Work request |
Each line in the material below must be transcribed exactly; no picture belongs in the copy.

Information supplied |
=== Begin Enclosure ===
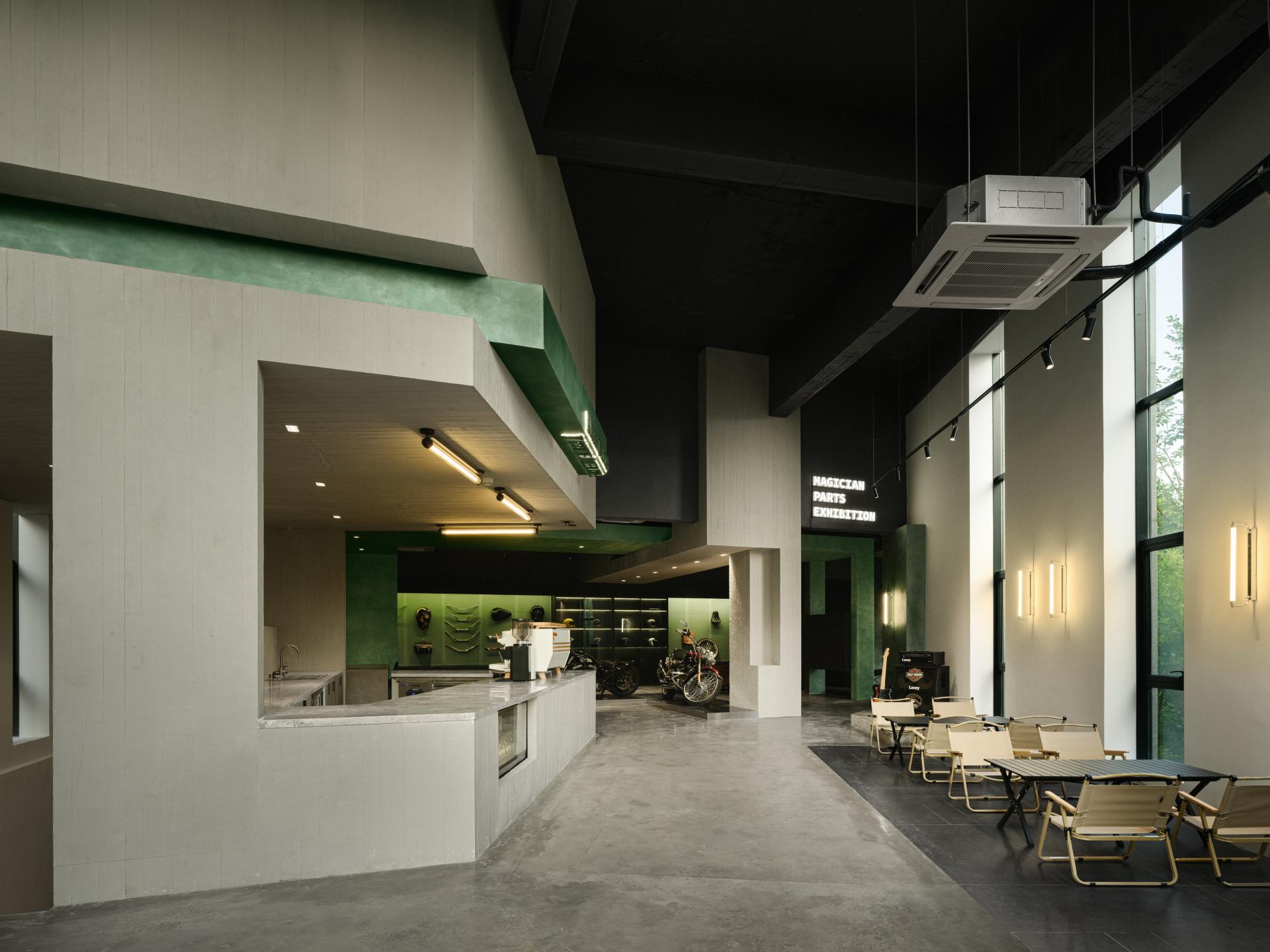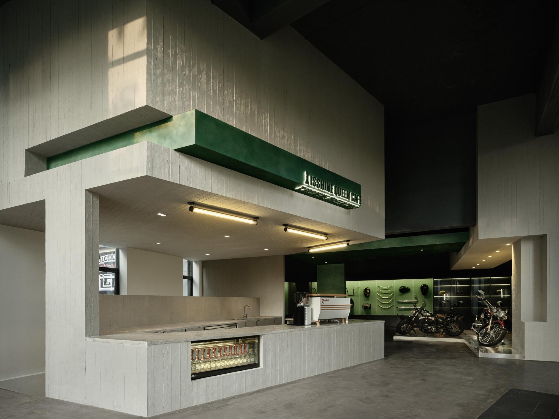 We have selected two main materials: polished concrete and wood-grain concrete panels—to establish an industrial and mechanical tone. Customized metal green textured paint, representing the ornate and exquisite decorations of motorcycles, serves as an expression of the dual nature of the culture.
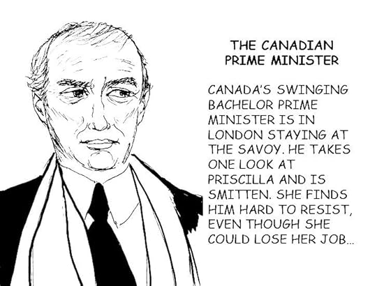 Younger readers may have to redline their search engines looking up all the Sixties stars who make cameo and walk-on appearances, but the history lesson will be rewarding. Those who remember the Sixties will cackle with satisfaction at the fictional resurrection of so many global celebrities whose careers proved it’s possible to be famous for more than fifteen minutes. Among them is Canada’s youthful bachelor Prime Minister, Pierre Eliot Trudeau, who sweeps Priscilla out of a star-studded Savoy cocktail reception and out of her Mary Quant mini-dress for a five-star one night stand.
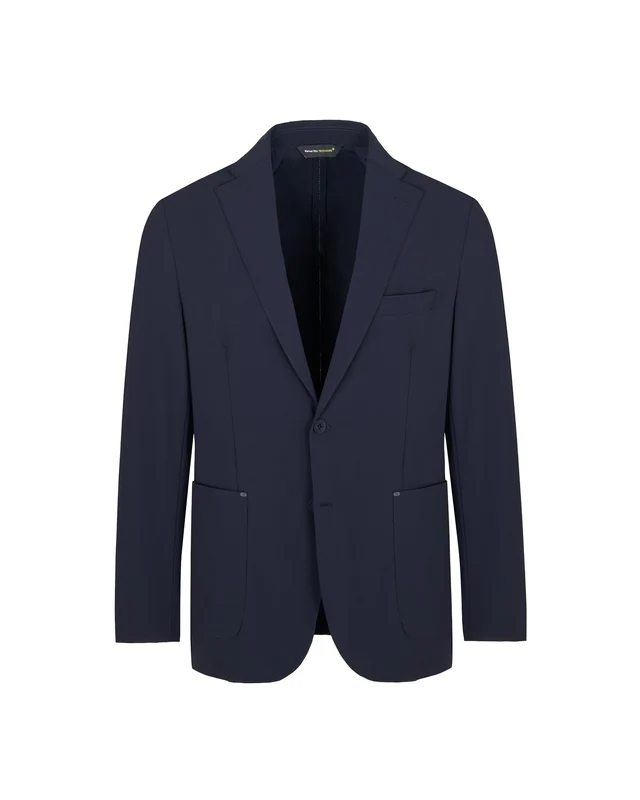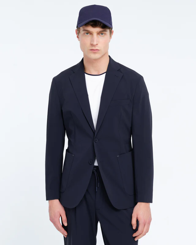 Descrizione: Giacca sfoderata tecnica, chiusura due bottoni, due tasche a toppa e un taschino frontali, due spacchi sul retro, quattro bottoni ai polsi, finiture con impunture. Tessuto tecnico elasticizzato
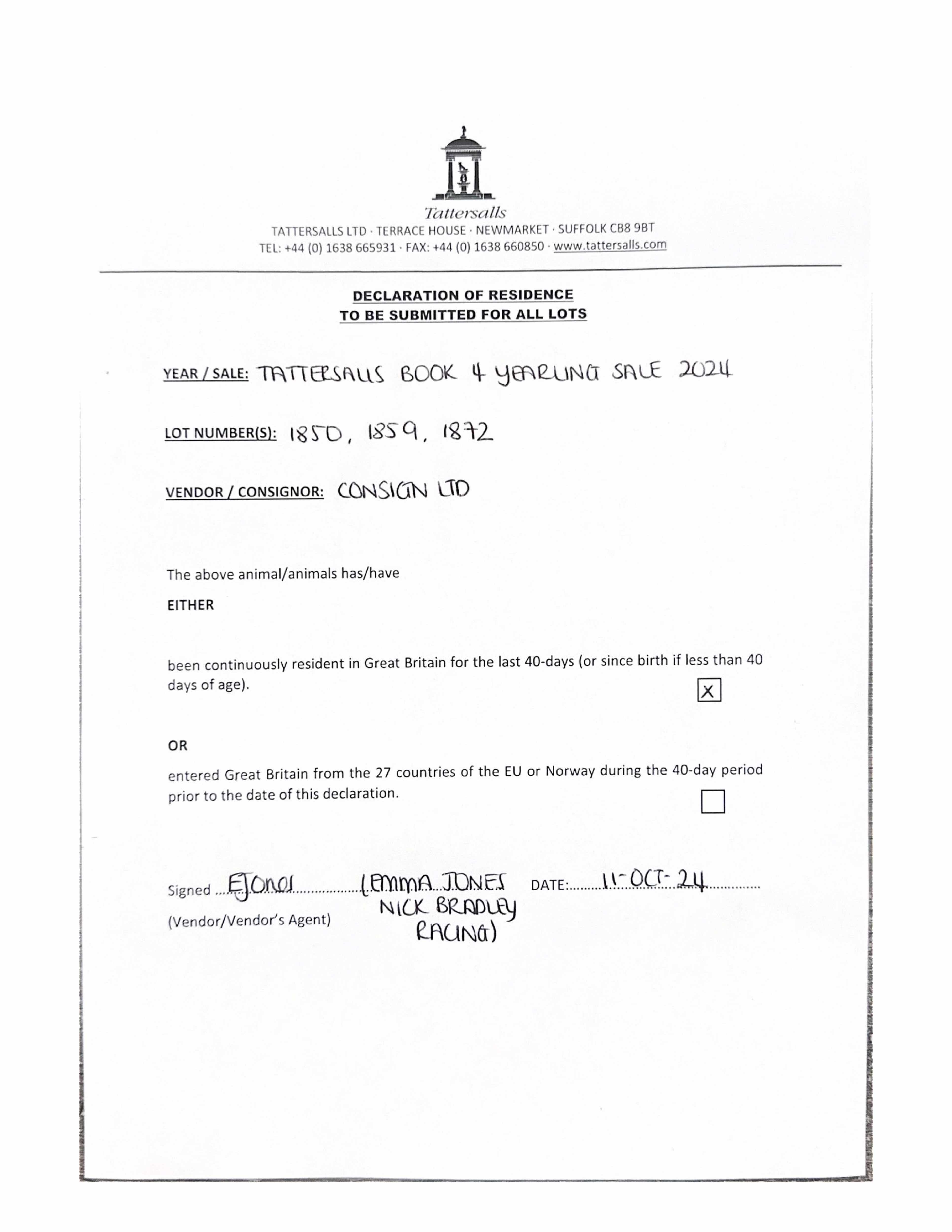 Lot 1850 Land Force (IRE) /Megans Approach (GB) B.C. (GB)
=== End Enclosure ===
Answer to this exercise |
 We have selected two main materials: polished concrete and wood-grain concrete panels—to establish an industrial and mechanical tone. Customized metal green textured paint, representing the ornate and exquisite decorations of motorcycles, serves as an expression of the dual nature of the culture.
 Younger readers may have to redline their search engines looking up all the Sixties stars who make cameo and walk-on appearances, but the history lesson will be rewarding. Those who remember the Sixties will cackle with satisfaction at the fictional resurrection of so many global celebrities whose careers proved it’s possible to be famous for more than fifteen minutes. Among them is Canada’s youthful bachelor Prime Minister, Pierre Eliot Trudeau, who sweeps Priscilla out of a star-studded Savoy cocktail reception and out of her Mary Quant mini-dress for a five-star one night stand.
 Descrizione: Giacca sfoderata tecnica, chiusura due bottoni, due tasche a toppa e un taschino frontali, due spacchi sul retro, quattro bottoni ai polsi, finiture con impunture. Tessuto tecnico elasticizzato
 Lot 1850 Land Force (IRE) /Megans Approach (GB) B.C. (GB)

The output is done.